Exact repetition of a range: find the line containing "샤또 프랑 보드롱, 몽타뉴 생테밀리옹 2020" and the line containing "Torres del Paine" in the material below, then repeat both and all lines between them, leaving pictures out.

BEGIN DATA SECTION

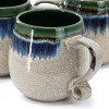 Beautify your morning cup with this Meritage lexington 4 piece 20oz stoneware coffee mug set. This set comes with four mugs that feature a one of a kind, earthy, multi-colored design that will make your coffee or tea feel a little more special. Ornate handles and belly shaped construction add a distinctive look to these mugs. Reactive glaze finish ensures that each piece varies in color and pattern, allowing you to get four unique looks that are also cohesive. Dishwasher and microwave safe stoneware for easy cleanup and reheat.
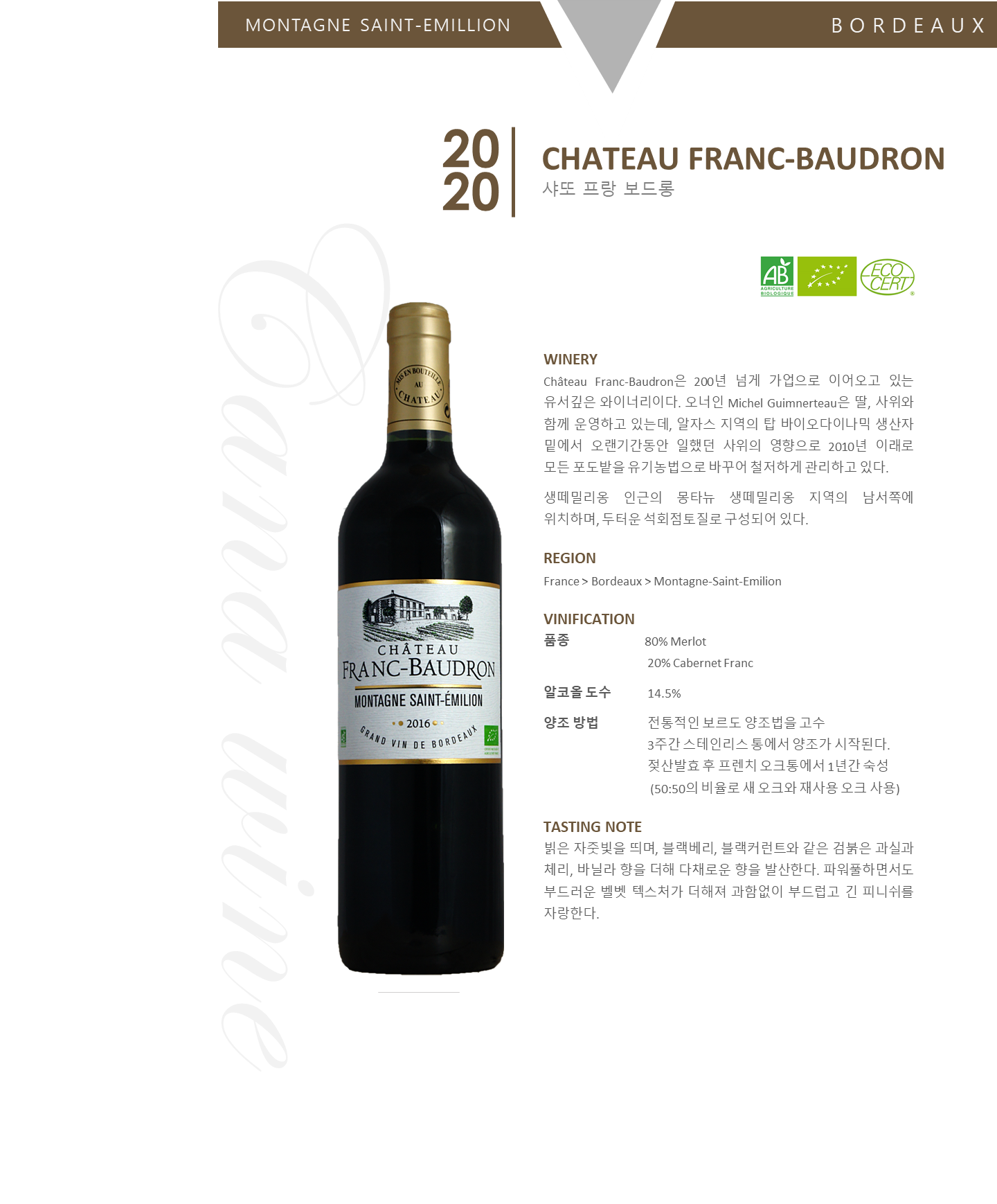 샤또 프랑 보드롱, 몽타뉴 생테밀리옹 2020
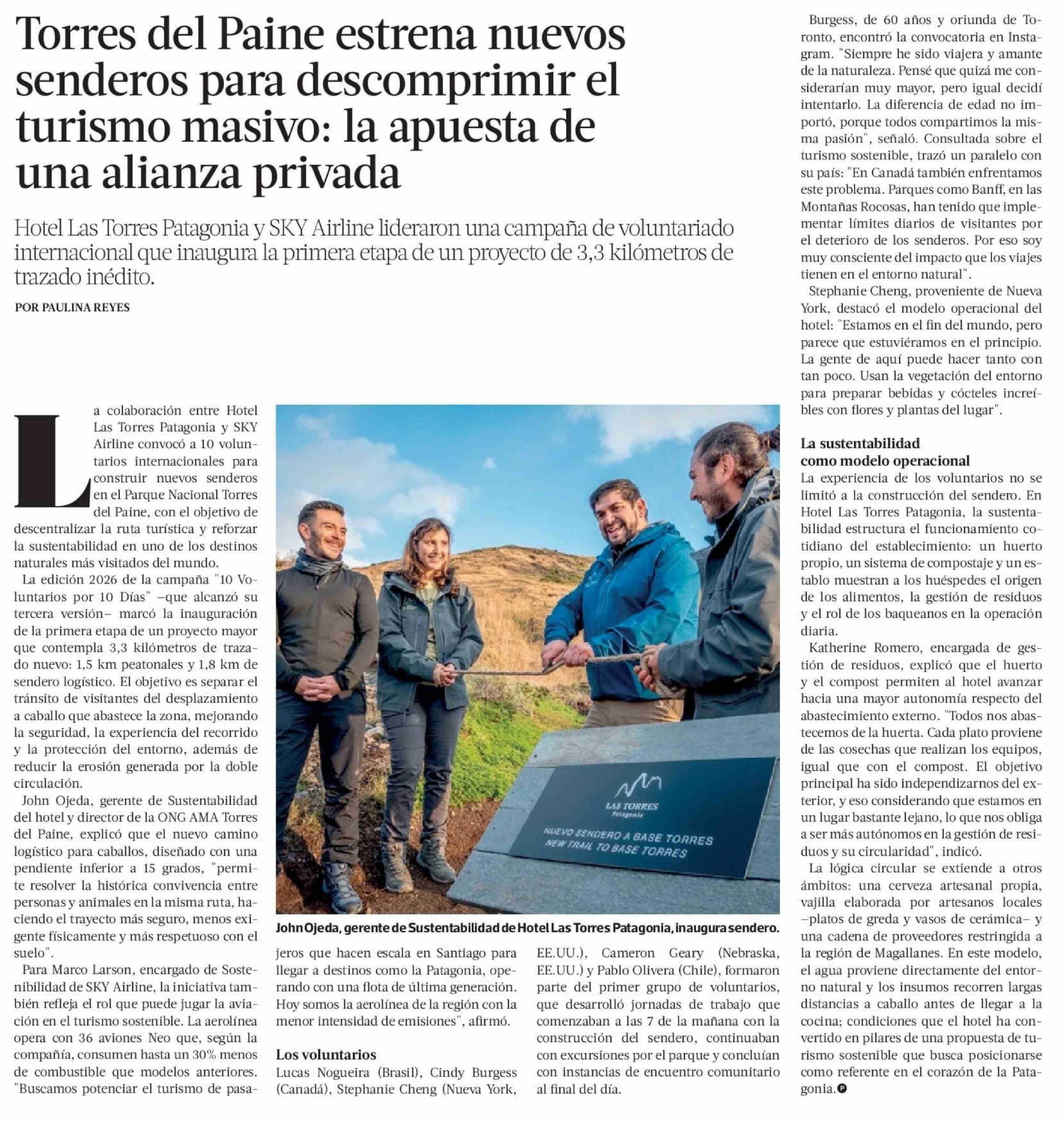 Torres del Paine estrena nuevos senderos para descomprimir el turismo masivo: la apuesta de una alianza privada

END DATA SECTION
BEGIN DATA SECTION

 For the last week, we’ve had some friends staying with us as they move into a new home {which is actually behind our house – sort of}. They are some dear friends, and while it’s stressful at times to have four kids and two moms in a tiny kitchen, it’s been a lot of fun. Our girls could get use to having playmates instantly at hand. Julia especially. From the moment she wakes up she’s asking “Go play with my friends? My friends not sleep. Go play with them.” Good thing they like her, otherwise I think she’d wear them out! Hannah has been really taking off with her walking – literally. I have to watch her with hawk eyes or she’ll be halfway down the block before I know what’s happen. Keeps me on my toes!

END DATA SECTION

— TASK SOLUTION —
 샤또 프랑 보드롱, 몽타뉴 생테밀리옹 2020
 Torres del Paine estrena nuevos senderos para descomprimir el turismo masivo: la apuesta de una alianza privada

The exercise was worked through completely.